2. The method of claim 1, wherein the speech and language
technology components include at least one of a speech recognizer
component, a speaker identification component, a topic detection
component, and a name extraction component.
3. The method of claim 1, wherein the language technology
components, the middleware component, and the at least one
high-level application component are software modules that arc
distributed over a plurality of computing devices.
4. The method of claim 1, further comprising: logging errors
encountered by the language technology components at the middleware
component.
5. The method of claim 1, wherein the middleware component presents
a single system state to the high-level application component, the
single system state being based on individual states of the
language technology components.
6. The method of claim 5, wherein the single system state is
selected from: a starting up state that indicates that at least one
of the language technology components is initializing, a down state
that indicates that at least one of the language technology
components is not available, and an up state that indicates that
all of the language technology components are available.
7. The method of claim 6, wherein the single system state is
further selected from: an aborting state that indicates that the
middleware component is disconnecting from the high-level
application component, and a shutting down state in which the
middleware component discontinues communications with the language
technology components.
8. The method of claim 1, wherein the configuration file is an
extensible markup language (XML) document.
9. The method of claim 1, wherein the data communications are
implemented as data pipes.
10. A speech system comprising: a high-level application component;
a plurality of language technology components; at least one
configuration file that describes communication paths among the
high-level application component and the plurality of language
technology components; and a language component manager (LCM)
configured to act as an intermediary for communications between the
high-level application component and the language technology
components and between ones of the language technology components,
the LCM connecting the high-level application component and the
language technology components based on the configuration file.
11. The speech system of claim 10, wherein the configuration file
is a complete system specification for the speech system.
12. The speech system of claim 10, wherein the high-level
application component provides speech services to end-users.
13. The speech system of claim 10, wherein the LCM presents a
single interface to the high-level application component.
14. The speech system of claim 10, wherein the speech system
performs speech recognition.
15. The speech system of claim 10, wherein the language technology
components include at least one of a speech recognizer component, a
speaker identification component, a topic detection component, and
a name extraction component.
16. The speech system of claim 10, wherein the language technology
components, the LCM, and the high-level application component are
software modules that are distributed over a plurality of computing
devices.
17. The speech system of claim 10, wherein the LCM presents a
single system state to the high-level application component, the
single system state being based on individual states of the
language technology components.
18. The speech system of claim 17, wherein the single system state
is selected from: a starting up state that indicates that at least
one of the language technology components is initializing, a down
state that indicates that at least one of the language technology
components are not available, and an up state that indicates the
speech system is available.
19. The speech system of claim 10, wherein the configuration file
is an extensible markup language (XML) document.
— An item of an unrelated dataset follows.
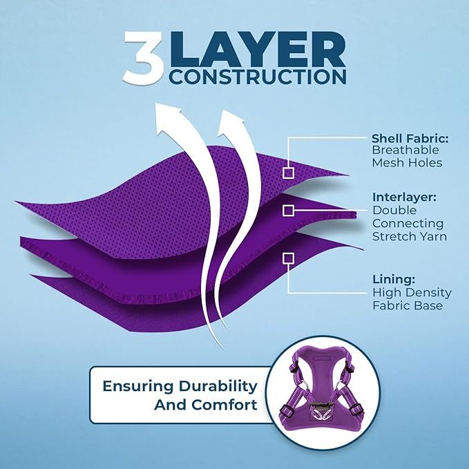 • REFLECTIVE WEBBING: 3M Scotchlite reflective material on the straps of this dog harness enhance your dog’s visibility during those early morning and late evening strolls.
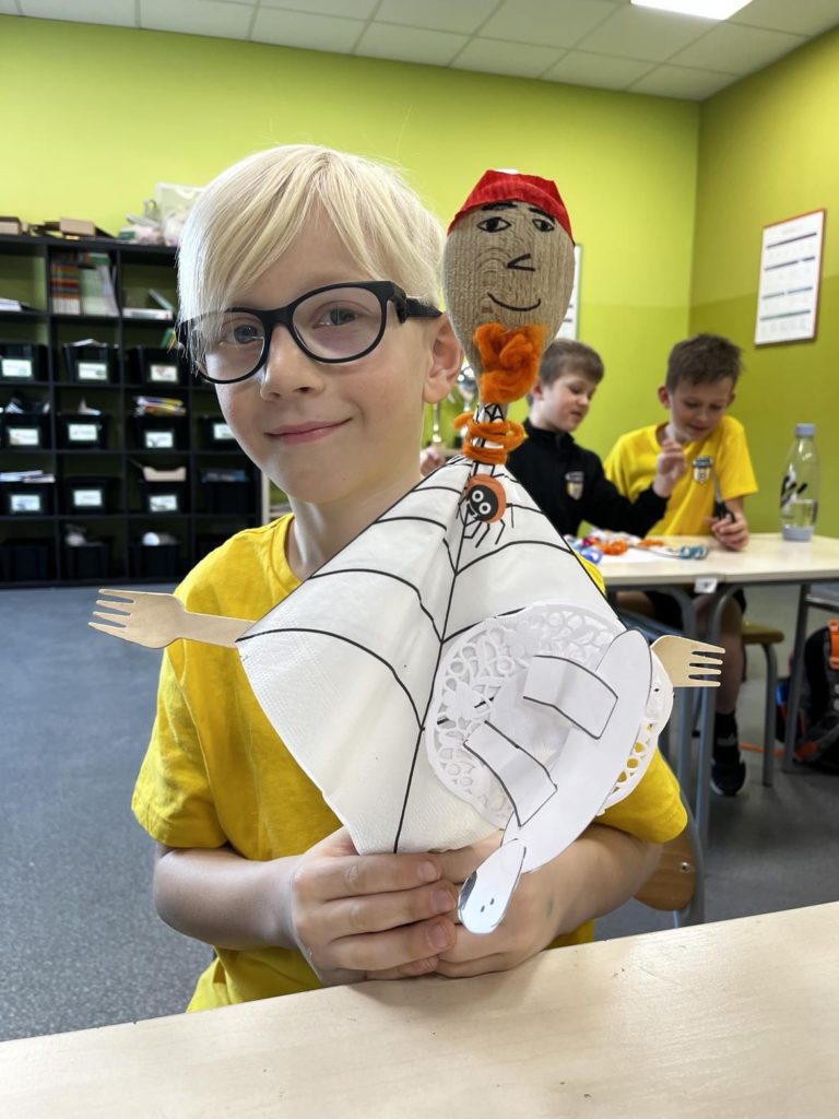 Uczniowie klasy 2️⃣ SP przy okazji omawiania zagadnień związanych z teatrem 🎭 wykonali na lekcji prześlicznej kukiełki 😍, których efekt prezentujemy w poniższej galerii zdjęć🔽

20. A system integration device comprising: ports configured to
connect with a plurality of components configured to perform speech
and language processing functions; at least one port configured to
connect with a high-level application designed to implement a
speech service using the functions provided by the components; and
a configuration file that includes routing information that
describes communication paths among the high-level application and
the plurality of first components, communications between the first
components and between the first components and the high-level
application being routed through the system integration device
based on the routing information in the configuration file.
21. The device of claim 20, wherein the configuration file is a
complete system specification for a speech system.
22. The device of claim 20, wherein the high-level application
provides speech services to end-users.
23. The device of claim 20, wherein the components include at least
one of a speech recognizer component, a speaker identification
component, a topic detection component, and a name extraction
component.
24. The device of claim 20, wherein the system integration device
presents a single system state to the high-level application, the
single system state being based on individual states of the
components.
25. The device of claim 24, wherein the single system state is
selected from: a starting up state that indicates that at least one
of the components is initializing, a down state that indicates that
at least one of the components is not available, and an up state
that indicates the plurality of components are available.
26. The device of claim 20, wherein the configuration file is an
extensible markup language (XML) document.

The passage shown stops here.